The lines to copy from the data below are those that hold the string "being".
SOURCE DATA Start Marker
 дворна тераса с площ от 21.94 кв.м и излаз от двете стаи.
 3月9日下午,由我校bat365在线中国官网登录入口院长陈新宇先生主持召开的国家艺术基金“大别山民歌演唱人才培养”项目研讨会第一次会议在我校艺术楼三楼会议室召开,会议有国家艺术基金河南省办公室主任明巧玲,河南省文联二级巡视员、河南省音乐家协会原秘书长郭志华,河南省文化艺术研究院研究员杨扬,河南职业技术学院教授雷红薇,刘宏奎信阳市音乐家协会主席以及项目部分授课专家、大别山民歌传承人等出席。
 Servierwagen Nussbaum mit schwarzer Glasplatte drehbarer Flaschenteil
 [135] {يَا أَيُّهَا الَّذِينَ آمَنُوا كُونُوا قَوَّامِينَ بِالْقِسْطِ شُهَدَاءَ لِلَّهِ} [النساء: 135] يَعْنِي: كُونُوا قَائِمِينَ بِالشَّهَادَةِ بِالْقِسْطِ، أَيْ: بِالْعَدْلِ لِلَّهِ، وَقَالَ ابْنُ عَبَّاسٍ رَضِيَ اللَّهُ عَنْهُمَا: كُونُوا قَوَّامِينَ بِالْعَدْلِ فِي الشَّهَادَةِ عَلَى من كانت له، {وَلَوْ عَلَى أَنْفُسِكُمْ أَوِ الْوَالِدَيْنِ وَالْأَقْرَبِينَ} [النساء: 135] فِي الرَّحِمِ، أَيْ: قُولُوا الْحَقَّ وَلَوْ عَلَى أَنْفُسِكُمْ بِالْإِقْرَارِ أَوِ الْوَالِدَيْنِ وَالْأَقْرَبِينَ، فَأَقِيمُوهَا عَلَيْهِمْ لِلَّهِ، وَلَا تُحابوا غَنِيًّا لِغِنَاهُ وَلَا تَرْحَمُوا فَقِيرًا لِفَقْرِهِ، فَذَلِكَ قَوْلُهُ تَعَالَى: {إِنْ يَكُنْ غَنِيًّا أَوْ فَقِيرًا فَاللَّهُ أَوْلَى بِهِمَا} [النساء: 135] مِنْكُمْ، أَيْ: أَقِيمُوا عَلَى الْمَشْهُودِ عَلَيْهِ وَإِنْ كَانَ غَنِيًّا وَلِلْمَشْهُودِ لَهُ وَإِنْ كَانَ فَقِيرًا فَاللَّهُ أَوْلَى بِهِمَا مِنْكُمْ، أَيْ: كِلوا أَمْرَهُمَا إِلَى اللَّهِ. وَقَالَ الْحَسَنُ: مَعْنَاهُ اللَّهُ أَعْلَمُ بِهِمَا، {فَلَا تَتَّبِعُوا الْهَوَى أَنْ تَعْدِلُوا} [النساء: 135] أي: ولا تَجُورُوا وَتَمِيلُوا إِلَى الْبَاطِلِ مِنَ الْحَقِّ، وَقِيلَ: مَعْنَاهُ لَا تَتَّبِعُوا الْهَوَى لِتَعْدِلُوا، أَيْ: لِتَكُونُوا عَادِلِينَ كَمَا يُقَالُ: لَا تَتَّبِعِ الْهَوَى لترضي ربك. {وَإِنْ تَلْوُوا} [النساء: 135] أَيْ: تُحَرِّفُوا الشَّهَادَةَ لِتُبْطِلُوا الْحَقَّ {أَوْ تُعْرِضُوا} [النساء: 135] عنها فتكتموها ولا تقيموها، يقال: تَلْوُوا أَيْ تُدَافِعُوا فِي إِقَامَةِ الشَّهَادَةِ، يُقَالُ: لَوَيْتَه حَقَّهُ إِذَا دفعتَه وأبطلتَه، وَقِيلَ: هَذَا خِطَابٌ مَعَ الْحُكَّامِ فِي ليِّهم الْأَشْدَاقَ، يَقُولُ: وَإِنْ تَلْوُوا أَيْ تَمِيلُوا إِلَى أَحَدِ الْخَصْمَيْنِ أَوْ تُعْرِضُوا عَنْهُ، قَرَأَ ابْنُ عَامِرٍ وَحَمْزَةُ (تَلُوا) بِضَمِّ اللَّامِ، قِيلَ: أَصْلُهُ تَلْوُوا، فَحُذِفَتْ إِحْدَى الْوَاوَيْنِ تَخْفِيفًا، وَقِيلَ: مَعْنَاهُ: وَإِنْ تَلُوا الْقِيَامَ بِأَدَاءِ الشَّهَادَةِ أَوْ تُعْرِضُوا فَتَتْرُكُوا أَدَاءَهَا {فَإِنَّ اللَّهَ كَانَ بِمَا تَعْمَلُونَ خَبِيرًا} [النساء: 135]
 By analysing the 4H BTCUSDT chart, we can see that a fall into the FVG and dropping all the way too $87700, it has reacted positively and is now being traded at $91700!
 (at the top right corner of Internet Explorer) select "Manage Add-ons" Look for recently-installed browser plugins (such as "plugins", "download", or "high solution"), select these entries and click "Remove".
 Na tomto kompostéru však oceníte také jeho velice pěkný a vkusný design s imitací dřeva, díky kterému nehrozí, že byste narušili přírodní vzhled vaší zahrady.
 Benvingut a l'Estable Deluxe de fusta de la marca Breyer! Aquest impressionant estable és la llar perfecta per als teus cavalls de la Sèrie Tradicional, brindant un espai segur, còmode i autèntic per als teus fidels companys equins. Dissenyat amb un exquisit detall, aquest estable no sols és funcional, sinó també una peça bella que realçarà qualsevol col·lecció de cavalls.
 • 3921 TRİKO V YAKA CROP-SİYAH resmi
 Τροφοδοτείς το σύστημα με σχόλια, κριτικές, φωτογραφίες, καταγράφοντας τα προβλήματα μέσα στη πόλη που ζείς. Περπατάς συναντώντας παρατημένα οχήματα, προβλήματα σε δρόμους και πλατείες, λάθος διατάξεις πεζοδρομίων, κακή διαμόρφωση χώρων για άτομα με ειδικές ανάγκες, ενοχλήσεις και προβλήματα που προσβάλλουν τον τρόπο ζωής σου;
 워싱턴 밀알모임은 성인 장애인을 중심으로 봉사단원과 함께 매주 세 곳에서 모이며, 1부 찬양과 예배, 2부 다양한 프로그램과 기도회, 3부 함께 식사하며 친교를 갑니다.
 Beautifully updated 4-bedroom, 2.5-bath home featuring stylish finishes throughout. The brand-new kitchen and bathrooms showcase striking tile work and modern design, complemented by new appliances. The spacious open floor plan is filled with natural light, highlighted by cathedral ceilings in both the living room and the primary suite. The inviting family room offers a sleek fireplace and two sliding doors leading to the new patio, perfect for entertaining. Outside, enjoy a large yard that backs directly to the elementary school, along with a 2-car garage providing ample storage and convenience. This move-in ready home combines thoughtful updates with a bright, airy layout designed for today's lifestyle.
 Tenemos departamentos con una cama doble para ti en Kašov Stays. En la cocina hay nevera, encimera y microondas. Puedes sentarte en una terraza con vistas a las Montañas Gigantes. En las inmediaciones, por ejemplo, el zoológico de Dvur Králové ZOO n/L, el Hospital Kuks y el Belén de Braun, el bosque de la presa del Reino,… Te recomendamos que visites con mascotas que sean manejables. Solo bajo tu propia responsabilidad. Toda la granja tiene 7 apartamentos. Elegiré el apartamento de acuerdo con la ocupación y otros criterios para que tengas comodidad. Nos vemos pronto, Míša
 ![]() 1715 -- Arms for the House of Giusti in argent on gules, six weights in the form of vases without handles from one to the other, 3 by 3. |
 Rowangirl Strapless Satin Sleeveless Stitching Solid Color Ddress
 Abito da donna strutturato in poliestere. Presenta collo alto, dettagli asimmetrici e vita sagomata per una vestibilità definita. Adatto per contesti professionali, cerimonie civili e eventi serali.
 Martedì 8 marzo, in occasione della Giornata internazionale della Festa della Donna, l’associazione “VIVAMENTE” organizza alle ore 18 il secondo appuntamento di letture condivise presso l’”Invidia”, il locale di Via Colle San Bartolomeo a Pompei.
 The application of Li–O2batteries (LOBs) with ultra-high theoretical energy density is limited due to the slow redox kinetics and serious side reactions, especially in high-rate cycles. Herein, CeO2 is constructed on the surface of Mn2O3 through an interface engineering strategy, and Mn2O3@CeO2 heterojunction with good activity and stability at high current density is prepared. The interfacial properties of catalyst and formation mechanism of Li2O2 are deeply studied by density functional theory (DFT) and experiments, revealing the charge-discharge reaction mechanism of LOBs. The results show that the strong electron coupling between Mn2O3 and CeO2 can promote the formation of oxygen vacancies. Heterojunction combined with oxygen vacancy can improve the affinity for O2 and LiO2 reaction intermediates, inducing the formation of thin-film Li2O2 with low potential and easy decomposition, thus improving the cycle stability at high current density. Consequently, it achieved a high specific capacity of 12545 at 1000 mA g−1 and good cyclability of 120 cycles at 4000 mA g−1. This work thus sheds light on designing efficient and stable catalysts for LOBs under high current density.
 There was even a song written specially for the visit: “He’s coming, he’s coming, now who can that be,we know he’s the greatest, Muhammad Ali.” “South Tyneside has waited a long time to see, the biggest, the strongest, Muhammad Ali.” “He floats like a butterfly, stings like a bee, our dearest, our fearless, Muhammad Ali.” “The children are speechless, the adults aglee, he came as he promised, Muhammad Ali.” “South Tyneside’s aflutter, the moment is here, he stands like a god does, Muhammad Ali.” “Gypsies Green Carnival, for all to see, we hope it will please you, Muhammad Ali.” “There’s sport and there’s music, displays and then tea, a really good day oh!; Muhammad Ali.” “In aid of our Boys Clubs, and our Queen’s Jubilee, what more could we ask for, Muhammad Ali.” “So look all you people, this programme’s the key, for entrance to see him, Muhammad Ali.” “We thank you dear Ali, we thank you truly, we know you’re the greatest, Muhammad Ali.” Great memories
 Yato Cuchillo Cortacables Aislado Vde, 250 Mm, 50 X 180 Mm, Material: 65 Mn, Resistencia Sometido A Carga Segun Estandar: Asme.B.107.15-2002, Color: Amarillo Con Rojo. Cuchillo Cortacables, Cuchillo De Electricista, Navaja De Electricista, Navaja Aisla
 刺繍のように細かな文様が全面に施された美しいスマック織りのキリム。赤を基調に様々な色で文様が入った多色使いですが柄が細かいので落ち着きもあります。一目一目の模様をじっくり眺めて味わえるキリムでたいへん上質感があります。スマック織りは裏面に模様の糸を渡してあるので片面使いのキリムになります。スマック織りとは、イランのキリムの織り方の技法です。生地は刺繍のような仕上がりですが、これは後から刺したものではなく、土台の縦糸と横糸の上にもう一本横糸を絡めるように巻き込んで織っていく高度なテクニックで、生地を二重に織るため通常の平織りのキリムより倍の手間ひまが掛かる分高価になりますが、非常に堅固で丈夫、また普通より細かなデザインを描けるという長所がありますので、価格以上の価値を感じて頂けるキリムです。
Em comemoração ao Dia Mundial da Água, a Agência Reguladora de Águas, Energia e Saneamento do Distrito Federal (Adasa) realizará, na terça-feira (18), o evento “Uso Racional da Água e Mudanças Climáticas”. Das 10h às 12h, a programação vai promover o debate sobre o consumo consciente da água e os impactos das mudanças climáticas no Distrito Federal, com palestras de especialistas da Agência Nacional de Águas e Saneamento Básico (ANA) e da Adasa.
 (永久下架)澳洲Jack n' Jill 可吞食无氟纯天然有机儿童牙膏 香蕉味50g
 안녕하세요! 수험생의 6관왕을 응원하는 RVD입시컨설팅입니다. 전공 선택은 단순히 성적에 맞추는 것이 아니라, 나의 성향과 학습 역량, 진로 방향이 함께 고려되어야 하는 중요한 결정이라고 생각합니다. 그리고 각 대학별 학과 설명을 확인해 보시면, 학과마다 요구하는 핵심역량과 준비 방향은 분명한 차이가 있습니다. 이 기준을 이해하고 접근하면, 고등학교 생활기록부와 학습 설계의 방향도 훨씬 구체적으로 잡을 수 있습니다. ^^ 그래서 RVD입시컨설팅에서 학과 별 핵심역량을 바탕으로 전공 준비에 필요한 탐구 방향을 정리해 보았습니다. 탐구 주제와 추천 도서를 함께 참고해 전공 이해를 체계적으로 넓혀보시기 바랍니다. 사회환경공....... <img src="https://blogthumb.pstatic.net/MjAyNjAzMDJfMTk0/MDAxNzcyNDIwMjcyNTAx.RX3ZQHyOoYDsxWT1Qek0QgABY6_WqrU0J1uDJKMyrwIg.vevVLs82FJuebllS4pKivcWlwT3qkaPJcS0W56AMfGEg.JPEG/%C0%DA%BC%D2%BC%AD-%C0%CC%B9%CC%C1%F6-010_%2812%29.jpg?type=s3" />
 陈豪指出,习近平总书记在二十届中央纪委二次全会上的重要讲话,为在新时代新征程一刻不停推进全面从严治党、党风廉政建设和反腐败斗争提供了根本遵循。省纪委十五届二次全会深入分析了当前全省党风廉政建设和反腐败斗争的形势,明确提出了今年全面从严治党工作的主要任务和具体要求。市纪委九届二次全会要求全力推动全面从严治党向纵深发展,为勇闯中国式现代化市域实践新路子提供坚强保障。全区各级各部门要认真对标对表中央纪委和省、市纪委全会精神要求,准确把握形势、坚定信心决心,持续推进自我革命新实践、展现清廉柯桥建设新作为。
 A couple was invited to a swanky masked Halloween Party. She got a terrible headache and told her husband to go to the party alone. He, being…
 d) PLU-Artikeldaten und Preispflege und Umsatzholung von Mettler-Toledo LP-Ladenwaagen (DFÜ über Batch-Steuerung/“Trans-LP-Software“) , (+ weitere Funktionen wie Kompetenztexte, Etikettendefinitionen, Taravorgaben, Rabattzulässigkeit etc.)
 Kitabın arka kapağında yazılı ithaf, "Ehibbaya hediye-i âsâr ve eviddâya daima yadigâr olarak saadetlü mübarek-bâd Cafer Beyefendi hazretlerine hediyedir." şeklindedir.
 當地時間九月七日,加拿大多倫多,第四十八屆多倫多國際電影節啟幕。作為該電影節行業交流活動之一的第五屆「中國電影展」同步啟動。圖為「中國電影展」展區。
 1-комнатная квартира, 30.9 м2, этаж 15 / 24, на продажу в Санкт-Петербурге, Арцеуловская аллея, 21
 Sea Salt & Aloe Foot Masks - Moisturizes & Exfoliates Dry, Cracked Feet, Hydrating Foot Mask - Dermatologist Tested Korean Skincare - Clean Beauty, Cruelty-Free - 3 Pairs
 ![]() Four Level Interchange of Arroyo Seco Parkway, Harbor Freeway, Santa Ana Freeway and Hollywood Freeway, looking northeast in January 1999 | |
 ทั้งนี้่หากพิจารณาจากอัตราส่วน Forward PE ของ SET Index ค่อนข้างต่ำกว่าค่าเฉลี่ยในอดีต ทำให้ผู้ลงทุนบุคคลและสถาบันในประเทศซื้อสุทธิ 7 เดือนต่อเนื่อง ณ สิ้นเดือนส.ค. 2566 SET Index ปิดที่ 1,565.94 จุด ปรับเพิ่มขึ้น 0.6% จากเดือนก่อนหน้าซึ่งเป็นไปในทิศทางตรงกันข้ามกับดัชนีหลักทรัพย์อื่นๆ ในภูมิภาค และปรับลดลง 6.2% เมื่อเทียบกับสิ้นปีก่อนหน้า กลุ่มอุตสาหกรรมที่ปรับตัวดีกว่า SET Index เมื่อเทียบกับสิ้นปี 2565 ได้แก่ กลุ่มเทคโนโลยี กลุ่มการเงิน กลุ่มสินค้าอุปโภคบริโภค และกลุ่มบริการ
SOURCE DATA End Marker
## REPLY
 By analysing the 4H BTCUSDT chart, we can see that a fall into the FVG and dropping all the way too $87700, it has reacted positively and is now being traded at $91700!
 A couple was invited to a swanky masked Halloween Party. She got a terrible headache and told her husband to go to the party alone. He, being…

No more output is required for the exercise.